Provided records
# # # # #

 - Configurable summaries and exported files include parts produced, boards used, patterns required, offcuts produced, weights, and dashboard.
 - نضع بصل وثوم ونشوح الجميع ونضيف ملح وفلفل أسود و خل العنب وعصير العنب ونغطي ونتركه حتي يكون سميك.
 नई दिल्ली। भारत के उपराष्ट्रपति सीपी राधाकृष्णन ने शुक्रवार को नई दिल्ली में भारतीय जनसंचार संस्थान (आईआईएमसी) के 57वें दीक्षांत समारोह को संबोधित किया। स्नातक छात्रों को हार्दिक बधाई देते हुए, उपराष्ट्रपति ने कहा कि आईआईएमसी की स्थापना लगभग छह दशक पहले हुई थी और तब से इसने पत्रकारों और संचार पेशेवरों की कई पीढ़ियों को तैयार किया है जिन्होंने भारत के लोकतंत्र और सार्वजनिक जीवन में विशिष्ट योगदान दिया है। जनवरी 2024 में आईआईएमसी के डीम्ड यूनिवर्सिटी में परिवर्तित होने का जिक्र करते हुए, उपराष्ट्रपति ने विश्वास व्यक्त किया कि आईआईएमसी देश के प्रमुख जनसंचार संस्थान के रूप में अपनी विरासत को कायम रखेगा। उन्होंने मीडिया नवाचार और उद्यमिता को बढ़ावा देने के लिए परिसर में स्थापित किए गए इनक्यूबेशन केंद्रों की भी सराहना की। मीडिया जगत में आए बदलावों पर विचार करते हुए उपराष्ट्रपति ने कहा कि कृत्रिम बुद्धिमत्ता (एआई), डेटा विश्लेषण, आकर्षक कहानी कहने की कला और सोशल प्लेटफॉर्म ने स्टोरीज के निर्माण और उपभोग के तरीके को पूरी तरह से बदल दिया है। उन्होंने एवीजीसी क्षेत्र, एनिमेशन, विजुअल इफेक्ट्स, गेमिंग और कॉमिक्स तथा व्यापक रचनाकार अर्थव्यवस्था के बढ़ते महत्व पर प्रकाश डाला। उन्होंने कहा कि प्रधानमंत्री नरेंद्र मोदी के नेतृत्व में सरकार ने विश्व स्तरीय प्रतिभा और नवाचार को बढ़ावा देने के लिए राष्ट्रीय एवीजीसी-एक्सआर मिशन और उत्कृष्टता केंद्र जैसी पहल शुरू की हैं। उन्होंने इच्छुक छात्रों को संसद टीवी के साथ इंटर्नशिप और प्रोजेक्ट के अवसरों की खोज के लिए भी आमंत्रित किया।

# # # # #

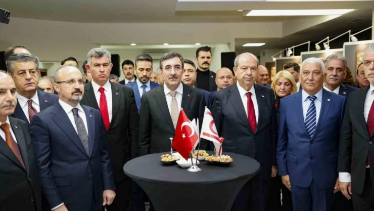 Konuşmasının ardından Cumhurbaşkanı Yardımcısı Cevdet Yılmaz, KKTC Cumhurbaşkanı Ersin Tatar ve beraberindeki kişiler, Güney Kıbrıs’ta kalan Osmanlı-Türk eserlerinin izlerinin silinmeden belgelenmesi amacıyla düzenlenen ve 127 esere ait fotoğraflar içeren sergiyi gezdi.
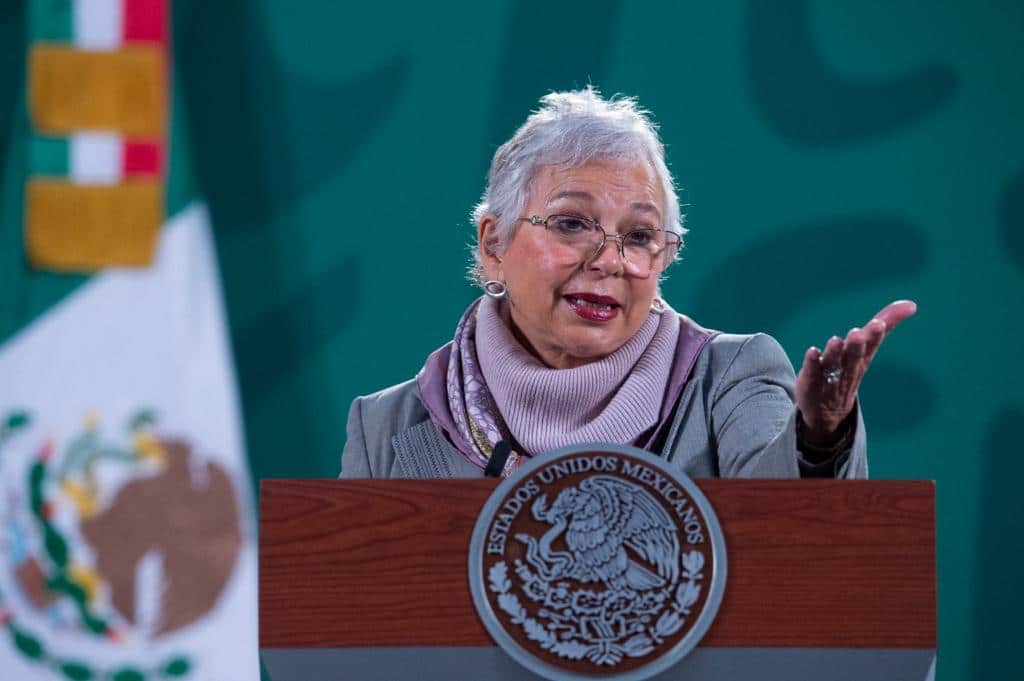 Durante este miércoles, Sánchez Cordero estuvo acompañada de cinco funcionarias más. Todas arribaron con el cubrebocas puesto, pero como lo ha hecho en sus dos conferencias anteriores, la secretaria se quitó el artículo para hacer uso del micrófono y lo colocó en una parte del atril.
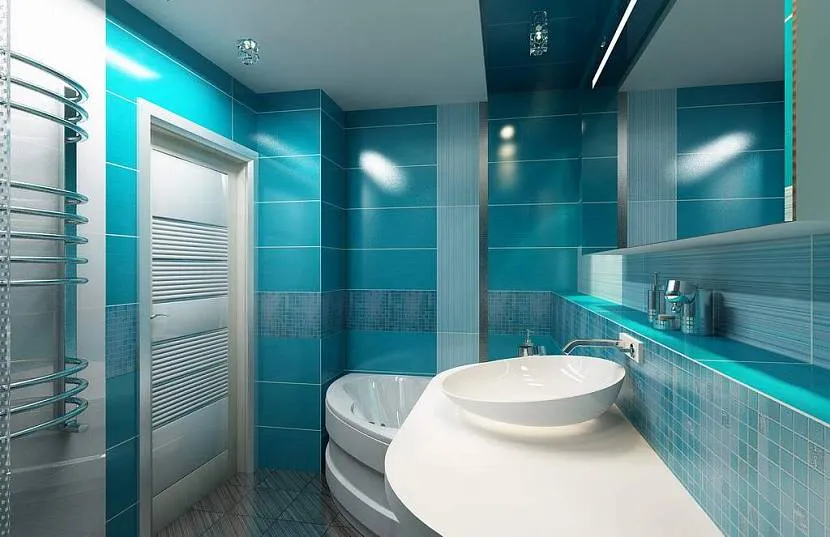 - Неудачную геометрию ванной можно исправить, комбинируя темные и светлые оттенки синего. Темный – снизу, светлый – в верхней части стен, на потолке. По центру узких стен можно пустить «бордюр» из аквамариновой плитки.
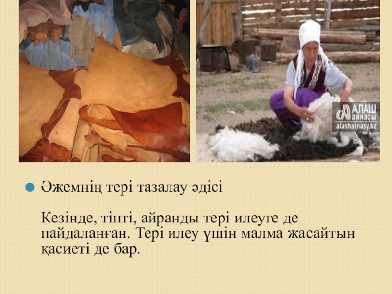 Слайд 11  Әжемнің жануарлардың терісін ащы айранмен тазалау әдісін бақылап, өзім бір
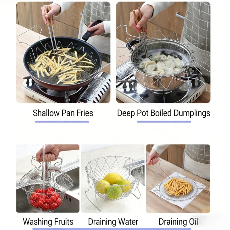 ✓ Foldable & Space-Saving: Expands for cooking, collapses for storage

# # # # #

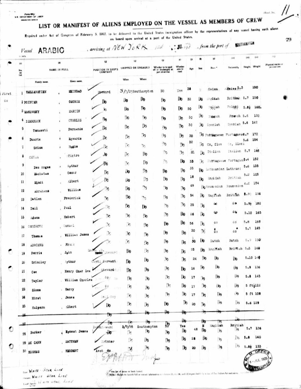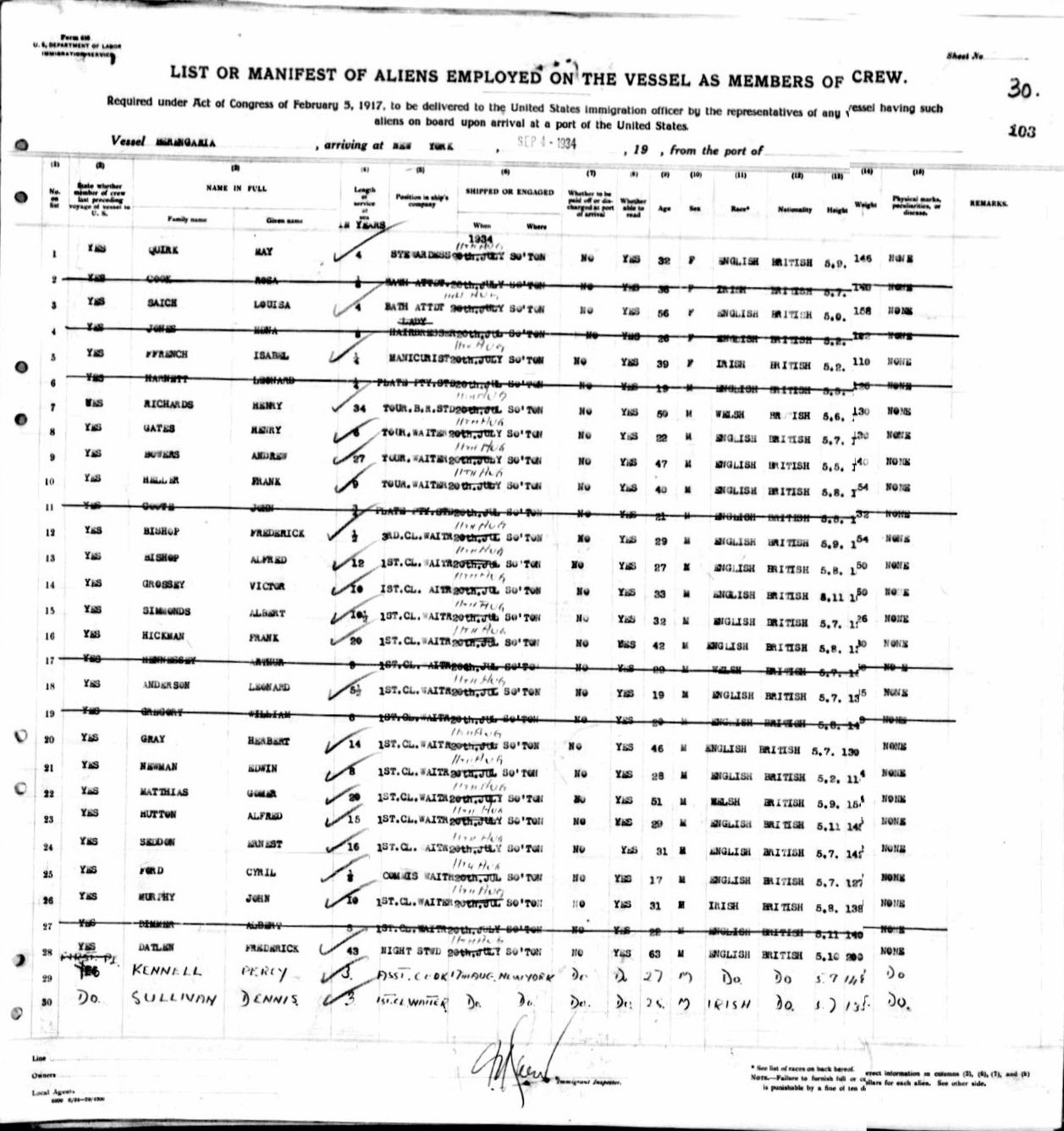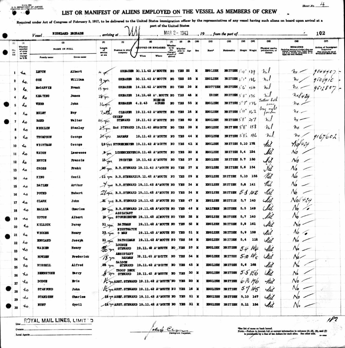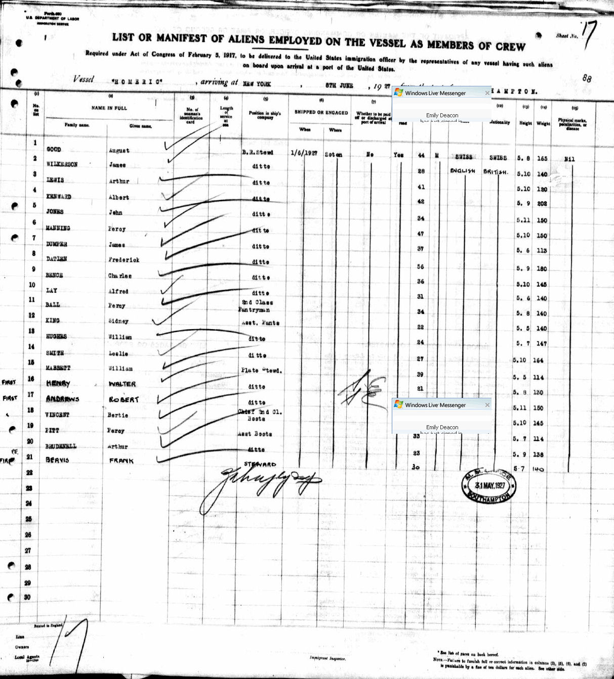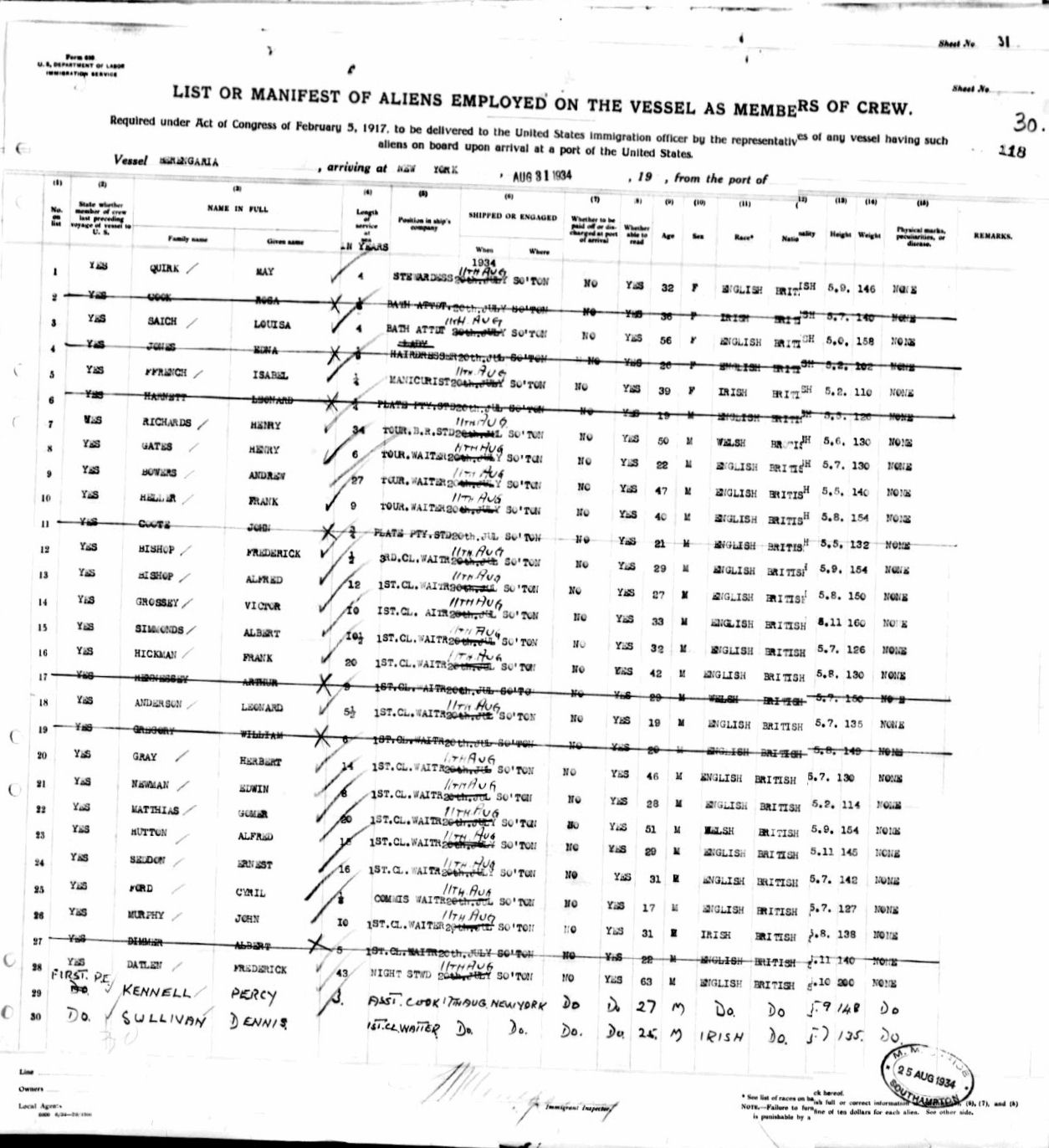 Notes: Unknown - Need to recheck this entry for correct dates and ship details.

# # # # #

Assigned task
Copy only what lies between the line with "Слайд 11  Әжемнің" and the line with "collapses for storage", those two lines included, exactly as given above; pictures stay out.

Completed exercise
 Слайд 11  Әжемнің жануарлардың терісін ащы айранмен тазалау әдісін бақылап, өзім бір
 ✓ Foldable & Space-Saving: Expands for cooking, collapses for storage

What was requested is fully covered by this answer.